Different colours, images and speech patterns for different customer types in Personality Marketing

The example of the furniture chain is about small data. But they are sufficient to continue supplying these customers with the information they really want. Information that addresses their needs. That matches their needs.

Why is that? Since for each of these personality types, specific products and design lines of the furniture store fit not only their needs, but also their image. Certain colours. Certain communication forms. Certain language patterns. The one who knows these patterns knows how to address these personality types respectfully so that they feel understood. That they see their wishes respected. And are willing to receive irresistible offers.

Address potential new customers in a smart way

But how do you address potential new customers so eloquently and respectfully? Next is a business case of a large clothing store in Germany that also has an online shop. Experience shows that a large number of the people interested in fashion, both returning visitors (“do they have something that fits my taste?”) and local first time visitors, investigate offers on the website. The fashion house in this example had integrated an attractively laid-out survey on the home page of the online store, in which prospects and customers could simply put their preferred looks together with much less data.

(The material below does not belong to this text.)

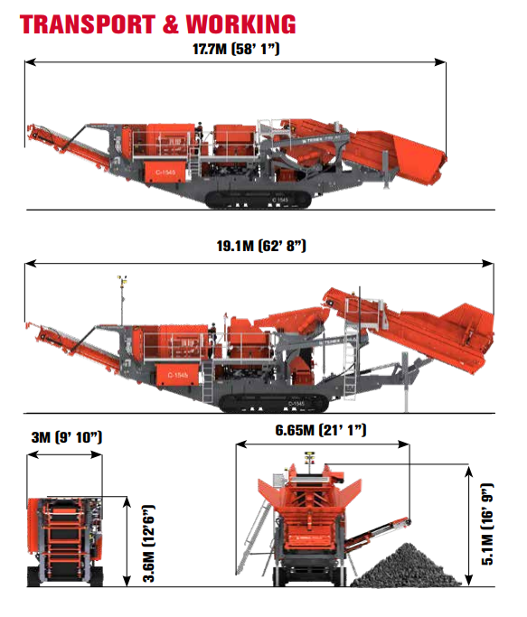 Terex® Finlay C-1545P je opremljen z drobilnikom Terex 1150, ki je gnan z direktno pogonsko sklopko s spremenljivo hitrostjo, s samodejnim odvzemom gonilne sile in raznimi hidravličnimi nastavitvami. Naprava ima vgrajen presejevalnik na prednjem delu, velikosti 2,1 mx 1,52 m, za odstranjevanje ali obvod posamičnega materiala. Material se lahko odvaja iz stroja z uporabo opcijskega transporterja na vozilu ali ponovno vnese na glavni transportni trak. Obe metodi izboljšata celotno pretočno kapaciteto, fleksibilnost izdelkov in zmanjšata obrabo samega stroja. V aplikacijah, pri katerih predhodni pregled materiala ni potreben, se modul lahko hidravlično premakne pod koš. To zagotavlja bolj kompaktno delovno celikost, saj se lahko dovajalnik / lijak hidravlično prilagaja, da se neposredno napaja v komoro.

The test results – along with product offerings and matching special deals – were shipped in a personal report to the specified email address. If the prospect agreed, then he would receive deals based on his personality type in future mailings. The report also provided a voucher that could be used for the first purchase in a local branch of the fashion house – and not in the online shop. Customers even took their reports to the shop to show the sellers on the spot what they liked and what suited them. This approach improves the quality of advice and customer satisfaction with the sellers. Not to mention the number of purchases.

Marketing without manipulation – face-to-face communication with the customer

We don’t talk about manipulation here, but rather customers recognizing the correct personality type in our offering. Honestly, one has to admit surely that any form of marketing communication has a certain goal. There is no non-manipulative communication, because each person (and each company) in fact has a certain intention for every communication expression. But Personality Marketing aims to communicate face-to-face with customers: a communication that indicates that customers are taken seriously with their values and their attitudes. That they should not be talked into something that simply does not fit into their world.

Experience shows that Personality Marketing-based assessment tools are significantly more successful: mailings with a personality type-based layout get more attention, flyers with type-based colour are read more in detail, texts with type-based wording generate more response. Sellers with a type-based sales approach are more empathic, friendly and helpful.

But you don’t need Big Data! You just need Smart Data – and respect for your clients’ personality.